Data supplied START
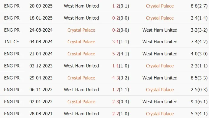 Thống kê phong độ, lịch sử đối đầu của Crystal Palace vs West Ham
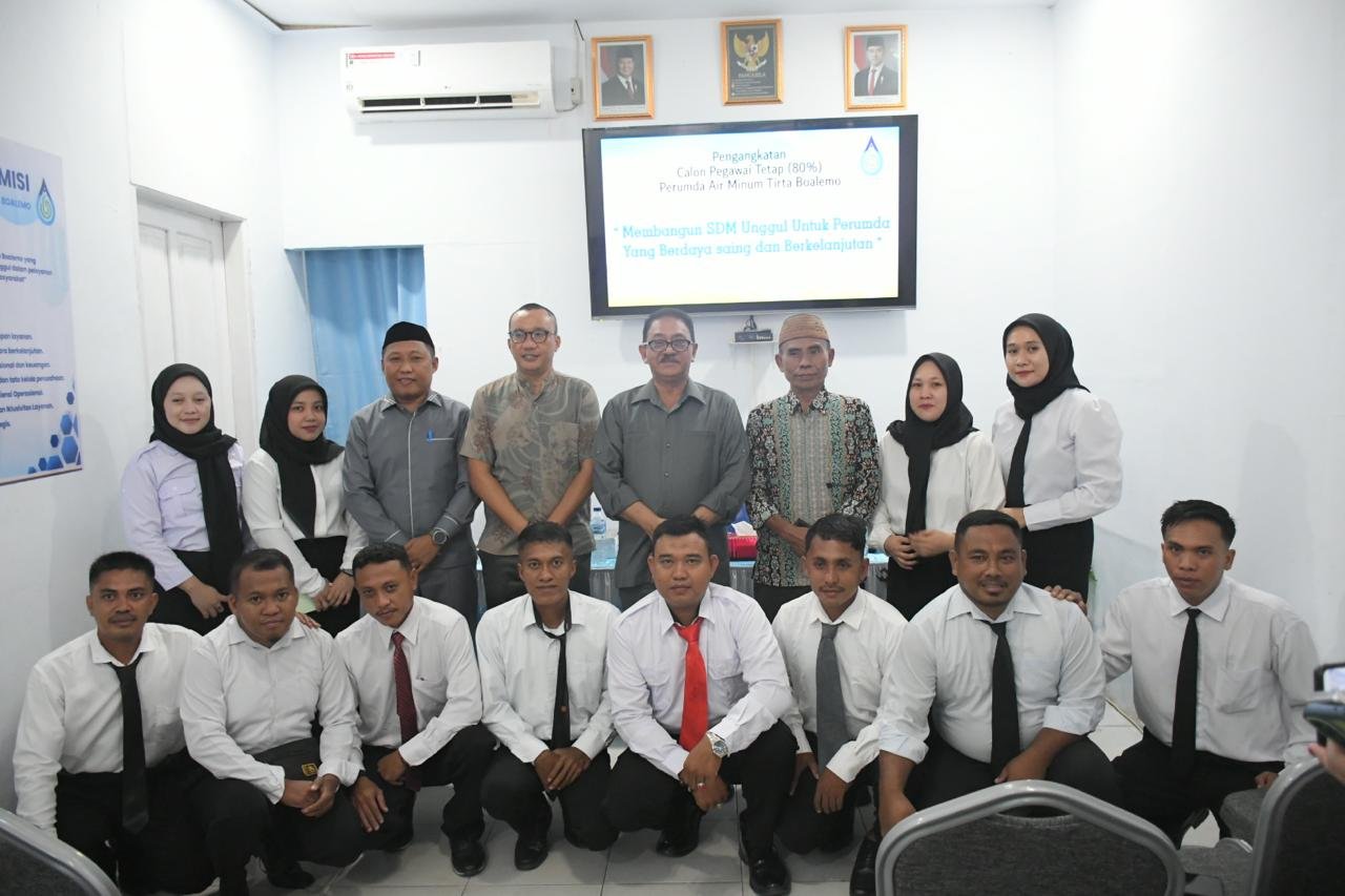 Boalemo, 17 Oktober 2025 — Dalam acara pengangkatan calon pegawai tetap Perusahaan Umum Daerah (Perumda) Air Minum Tirta Boalemo, Direktur Perumda menegaskan pentingnya membangun sumber daya manusia (SDM) yang kompeten, loyal, dan berintegritas sebagai pilar utama kemajuan perusahaan daerah tersebut.
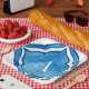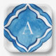 Plato De Papel Azulejo Monograma II Azul Cobalto Mediterráneo
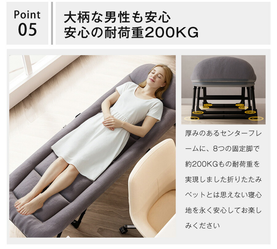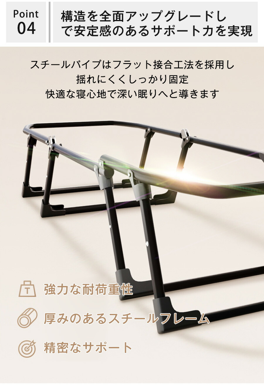 軽量 4-5kg、耐荷重 300kg、収納コンパクト。幅 170 - 200cm、幅 55 - 66cm。介護、キャンプ、車載、オフィス昼寝に最適。布団、腰痛対策、高品質です。
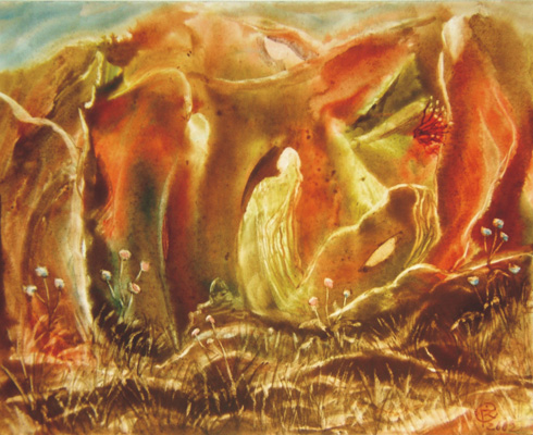 Георгий Николаевич писал в статье «Мой Дао»: «Много раз я пытался обыграть тему гигантской спирали, которая, находясь где-то за плоскостью листа, попадая на лист, закручивала в своих причудливых изгибах целые стихии, море, горы, города, миры человеческих грез и уносила бы все это в глубину листа, в бесконечность». Символикой такой «бесконечности» являлись совершенно разные вещи, олицетворяющие некое постоянство. В первой работе – угловатые волны Времени окружают святой мазар на возвышенности Чупон-Ата под Самаркандом. Во второй, «Рапсодия», - звуки музыки, раструбные звучания национальных корейских инструментов, шуршание камыша, закручиваясь волнами, сливаются воедино в лики женщины и мужчины в корейском головном уборе. В третьей – в центре оказался гигантский трилобит, навечно окаменевший в скальных отвалах морского берега Сахалина. |
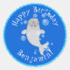 Cute happy narwhal bubbles cartoon illustration classic round sticker
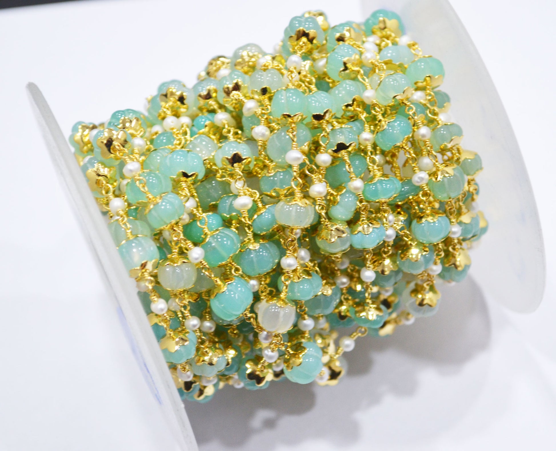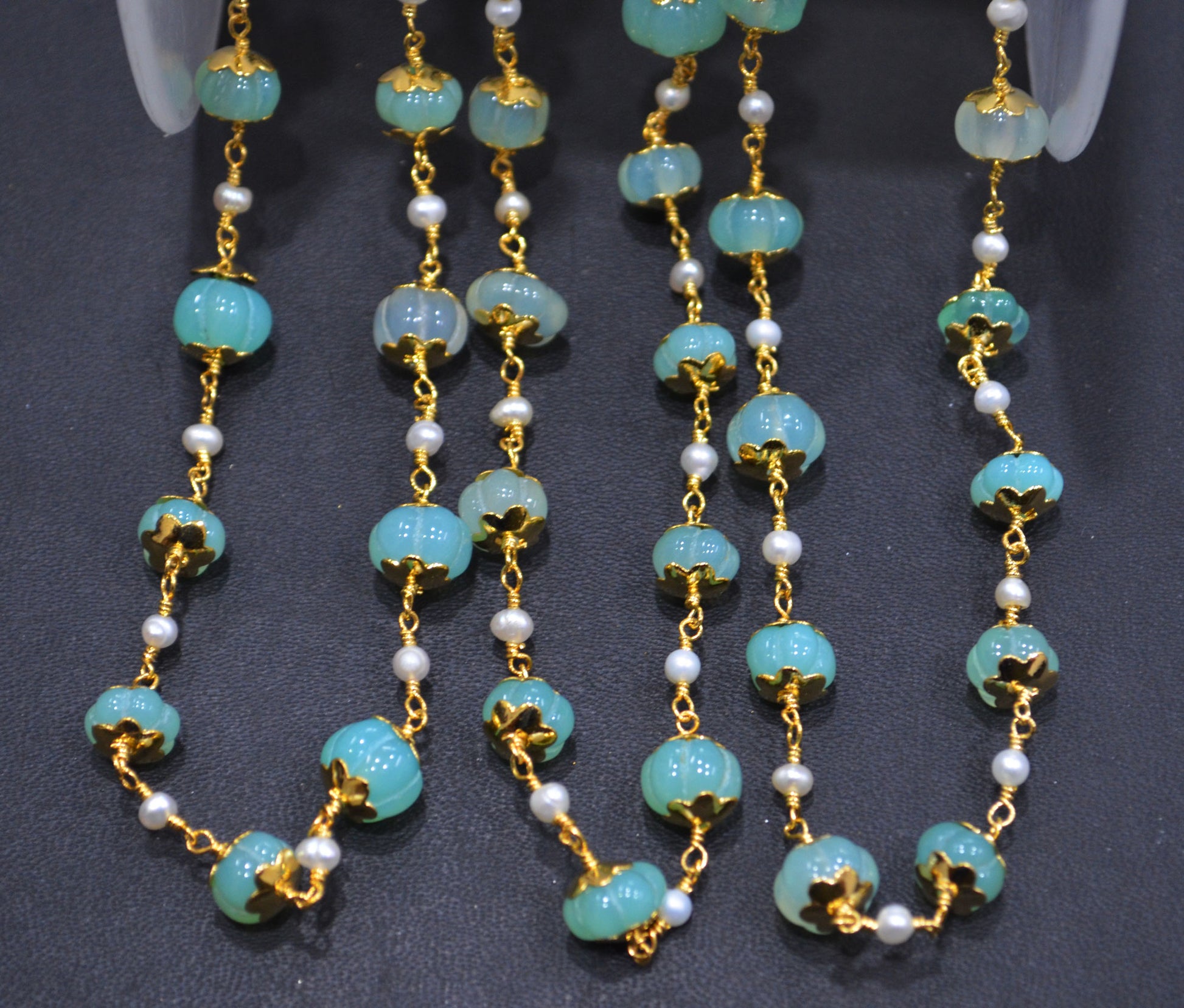 Aqua Chalcedony Carved Melons With Natural Pearl Smooth Rondelle Rosary Beaded Chain , 3 - 9 mm , 6708
Data supplied END
» **Your objective**
The data must be reproduced exactly, and no picture may appear in the copy.

» **Solution to this problem**
 Thống kê phong độ, lịch sử đối đầu của Crystal Palace vs West Ham
 Boalemo, 17 Oktober 2025 — Dalam acara pengangkatan calon pegawai tetap Perusahaan Umum Daerah (Perumda) Air Minum Tirta Boalemo, Direktur Perumda menegaskan pentingnya membangun sumber daya manusia (SDM) yang kompeten, loyal, dan berintegritas sebagai pilar utama kemajuan perusahaan daerah tersebut.
 Plato De Papel Azulejo Monograma II Azul Cobalto Mediterráneo
 軽量 4-5kg、耐荷重 300kg、収納コンパクト。幅 170 - 200cm、幅 55 - 66cm。介護、キャンプ、車載、オフィス昼寝に最適。布団、腰痛対策、高品質です。
 Георгий Николаевич писал в статье «Мой Дао»: «Много раз я пытался обыграть тему гигантской спирали, которая, находясь где-то за плоскостью листа, попадая на лист, закручивала в своих причудливых изгибах целые стихии, море, горы, города, миры человеческих грез и уносила бы все это в глубину листа, в бесконечность». Символикой такой «бесконечности» являлись совершенно разные вещи, олицетворяющие некое постоянство. В первой работе – угловатые волны Времени окружают святой мазар на возвышенности Чупон-Ата под Самаркандом. Во второй, «Рапсодия», - звуки музыки, раструбные звучания национальных корейских инструментов, шуршание камыша, закручиваясь волнами, сливаются воедино в лики женщины и мужчины в корейском головном уборе. В третьей – в центре оказался гигантский трилобит, навечно окаменевший в скальных отвалах морского берега Сахалина. |
 Cute happy narwhal bubbles cartoon illustration classic round sticker
 Aqua Chalcedony Carved Melons With Natural Pearl Smooth Rondelle Rosary Beaded Chain , 3 - 9 mm , 6708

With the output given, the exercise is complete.